I noticed a problem with GROUP BY in a query I am currently trying to debug. I have a DB table with the following structure (reduced from actual real life):
CREATE TABLE IF NOT EXISTS `product_variants` (
`id` int(11) unsigned NOT NULL AUTO_INCREMENT,
`product_id` int(11) unsigned NOT NULL DEFAULT '0',
`pid_merchant` varchar(50) NOT NULL,
`checksum` char(32) NOT NULL,
PRIMARY KEY (`id`),
UNIQUE KEY `checksum` (`checksum`),
KEY `product_id` (`product_id`),
) ENGINE=InnoDB DEFAULT CHARSET=latin1;
In this table, I have the following 2 rows (among many other millions):
INSERT INTO `product_variants` (`id`, `product_id`, `pid_merchant`, `checksum`) VALUES
(525555236, 628702710, 'ARTüöäß111', 'af5334b1193bf171580c70813ac83327'),
(525555241, 628702710, 'ARTüöäß222', 'cfe50fd9c3ca29fd957b839892313f82');
The query I'm currently debugging is attempting to find duplicate entries in this table based on pid_merchant
, in a very simple matter:
SELECT count(*), pv.* FROM product_variants pv WHERE pv.pid_merchant != '' GROUP BY pv.pid_merchant HAVING count(*) > 1
My problem is that both these results match, even though the actual pid_merchant
values are different - one ends in 111, the other in 222. Does anyone know how to approach this issue? I already tried grouping by MD5() and HEX(), by changing collation to latin1_german2_ci, by forcing binary or utf8 conversion and many others - pretty much all I could think of.

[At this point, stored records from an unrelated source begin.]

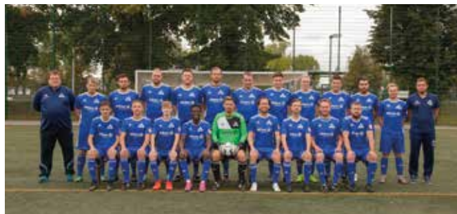
2. Herren

Trainer Heiko Greunke belächelt dies zwar und bleibt bei der Zielstellung weiter bescheiden, doch abgesehen von der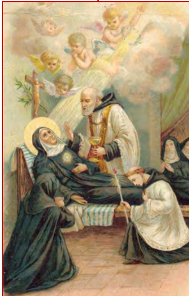
Sainte Julienne Falconieri Fête le 19 Juin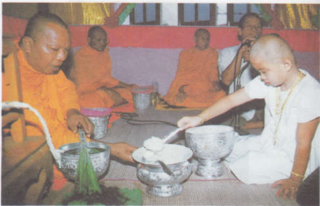
ตักบาตรพระสงฆ์หลังการรดน้ำ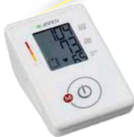
TENSIOMETRO DIGITAL DE BRAZO ASPEN 6 CTAS. DE $ 2.624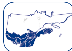
Territoires où les résultats s'appliquent.

Pour bien croître, la régénération préétablie ne nécessite que 50 % de pleine lumière. Pendant les périodes d'oppression, l'épinette rouge privilégie la croissance latérale au détriment de la croissance en hauteur. Cette stratégie lui permet de survivre en sous-bois jusqu'au prochain dégagement. La photosynthèse de l'épinette rouge est optimale sous une lumière faible à modérée et elle est souvent inhibée sous une lumière forte. Ce constat illustre bien la faible acclimatation de l'espèce aux variations brusques de l'intensité lumineuse.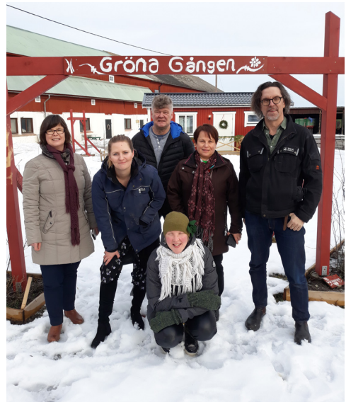
Kuva 6. Tutustumismatkalla Gröna Gångenin luona helmikuussa 2019

Tutustumismatkalla Pellon kunnan hanketyöntekijä esitteli tulevaa Pellon Orhinselässä pidettävää leiriä. Leirin tavoitteena oli koota kaikki Luontoa toimintaan -hankkeen osatoteuttajat ja yhteistyökumppanit, sekä hankkeen osallistujat yhteiseen luontoleiriin. Myös ruotsalaisten oli tarkoitus osallistua leiriin ja tutustumismatkalla tehtiinkin siihen liittyviä suunnitelmia. Yhteistyön tavoitteena oli, että molemmat hankkeet tekisivät kaksi benchmarkkausmatkaa toistensa luokse, jolloin pääsisimme konkreettisesti tutustumaan hankkeiden toimintaan ja tuloksiin sekä järjestämään kehittämistyöpajoja. Kevään 2019 tutustumismatkalla kerrottiin Luontoa elämään -hankkeessa kehitetystä yksilökeskeisestä luontotoiminnan suunnittelusta sekä osallisuutta vahvistavasta luontoon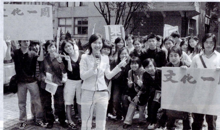
東森新聞來文大進行校園徵才活動，文大同學紛紛前往試鏡。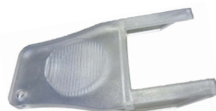
Clé de réarmement - ACA3678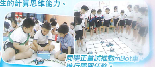
同學正嘗試推動mBot車，進行學習任務。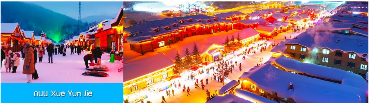
ถนน Xue Yun Jie

นำท่านสู่ระเบียงชมวิวยิ่งจฺยชาน 棒槌山观光栈道 เป็นระเบียงทางเดินชมวิวยิงจฺยชานบนเนินที่ทำด้วยไม้ มีความยาว 3,200 เมตร ระเบียงทางเดินชมวิวยิ่งจฺยชานนี้ได้พาดผ่านจุดชมวิวยิงจฺยชานต่าง ๆ ที่สามารถมองเห็นทัศนียภาพที่สวยงามของเมืองในเทพนิยายในมิติและมุมมองที่หลากหลาย เป็นที่นิยมของนักท่องเที่ยวที่ชื่นชอบการถ่ายภาพเป็นอย่างยิ่ง เพราะระเบียงทางเดินชมวิวยิ่งจฺยชานมีมุมสวย ๆ ให้ถ่ายรูปตลอดเส้นทาง, เดินบนระเบียงไม้มีค่าใช้จ่ายใด ๆ ท่านสามารถเดินชมวิวยิ่งจฺยชานได้ตามอัธยาศัย จนอิ่มใจ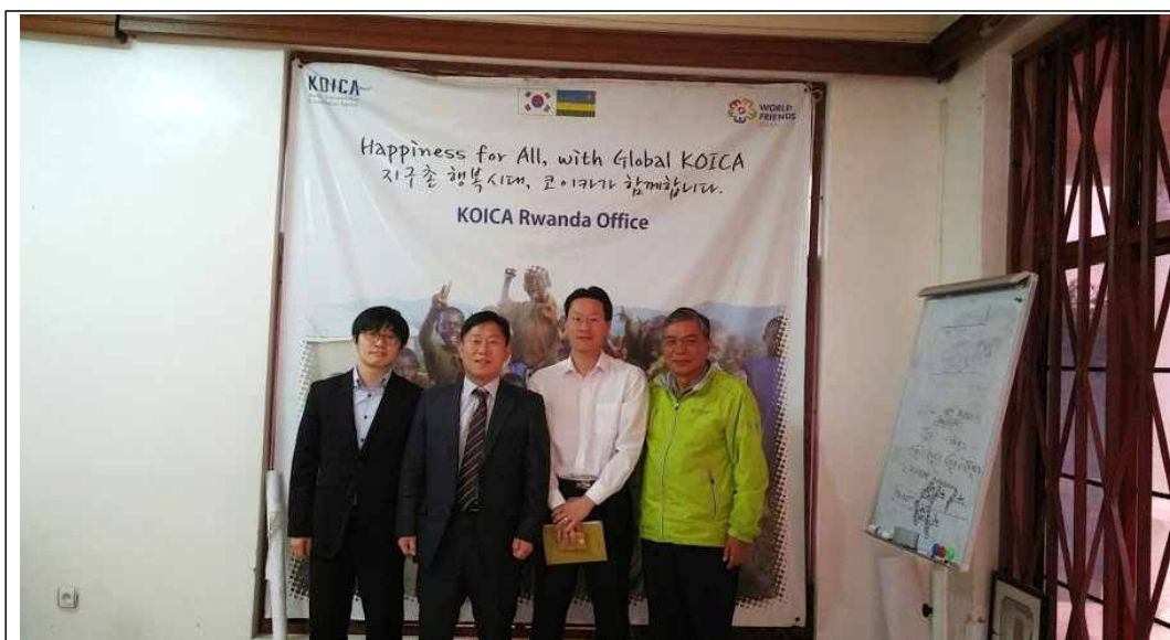
주 르완다 KOICA 사무소 방문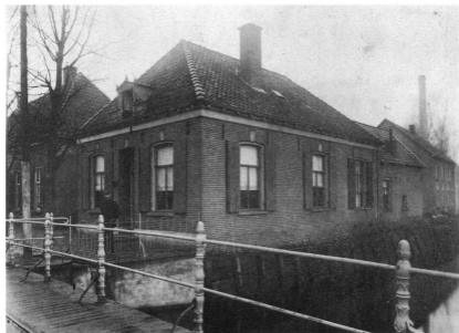
De oude leerlooierij met op de voorgrond de Peppelbrug, die in mei 1940 opgeblazen is.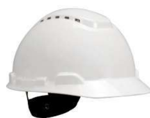
Casco H700 (3M)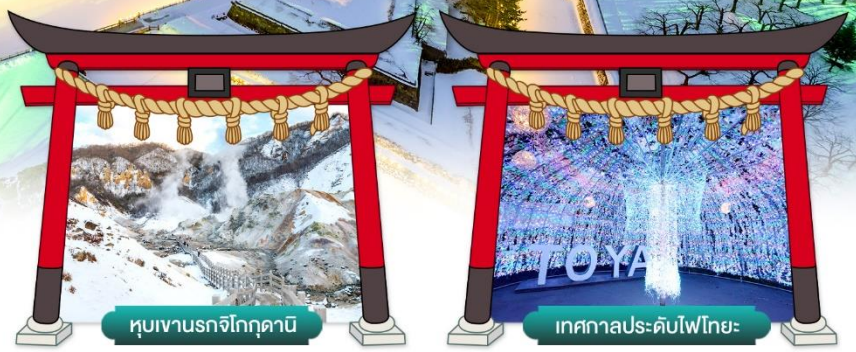
หุบเขานรกจิโกกุคานิ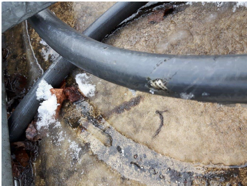
Zdj. 8 – przewody doprowadzające ciecż – stan obecny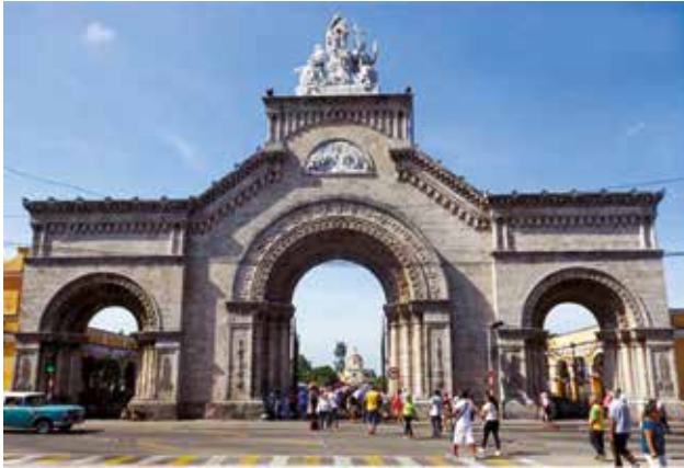
Cementerio de La Habana, denominado "Cementerio o Necrópolis de Cristóbal Colón", La Habana, Cuba.

ocurrido en el país, desde su fundación en 1824 hasta su cierre en 1943, su reapertura momentánea de 1965 y su cierre definitivo en 1966 con el entierro de Amelia Ricart Calventi.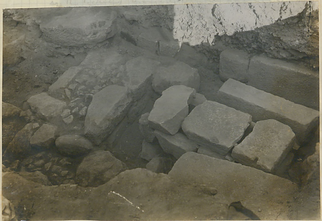
شده بهریتا بلده یا سینه هفتانده و بزانی سینه کوربهان ۷ نفره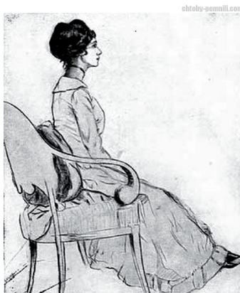
Рис. 4. Г.Д. Брюс. Портрет Т.П. Карсавиной (1918)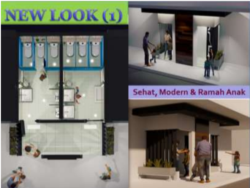
RENCANA TOILET BARU (DEKAT RUANG GURU)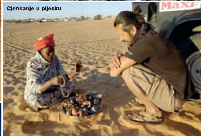
Cjenkanje u pijesku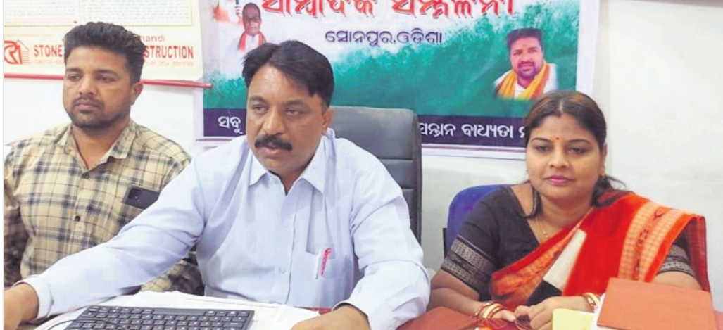
ଖବରଦାତା ସମ୍ମିଳନୀରେ ଜନସଂଖ୍ୟା ସମାଧାନ ପାଇଁ ଉଦ୍ଦେଶ୍ୟ ସୁବର୍ଣ୍ଣପୁର ଜିଲ୍ଲା ଶାଖା କର୍ମଚାରୀମାନେ ସୂଚନା ଦେଇଛନ୍ତି।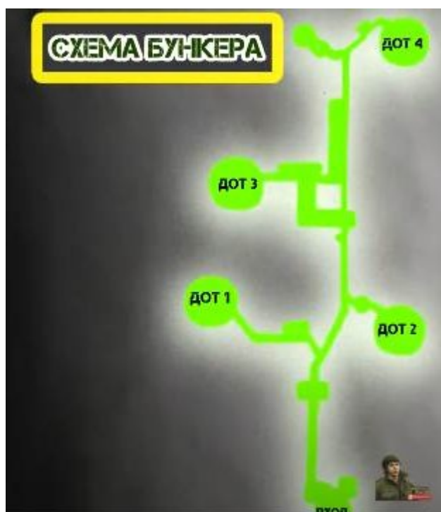
Схема бункера Арпада

СССР, тем самым предоставила возможность советским войскам в 1944 году нанести удар по венгерской линии с тыла. Две недели удерживали оборону позиций венгерская армия, но после с тыла советские войска взяли неприступную крепость.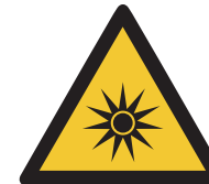
Warnung vor optischer Strahlung

Another weird thing is that it seems to confuse the values of Y and Ü (capital U with umlaute) while grouping (e.g. ABC-Y and ABC-Ü are considered as identical when grouping).
The server is running MySQL 5.5 on Ubuntu x64:
mysqld Ver 5.5.29-0ubuntu0.12.04.2-log for debian-linux-gnu on x86_64 ((Ubuntu))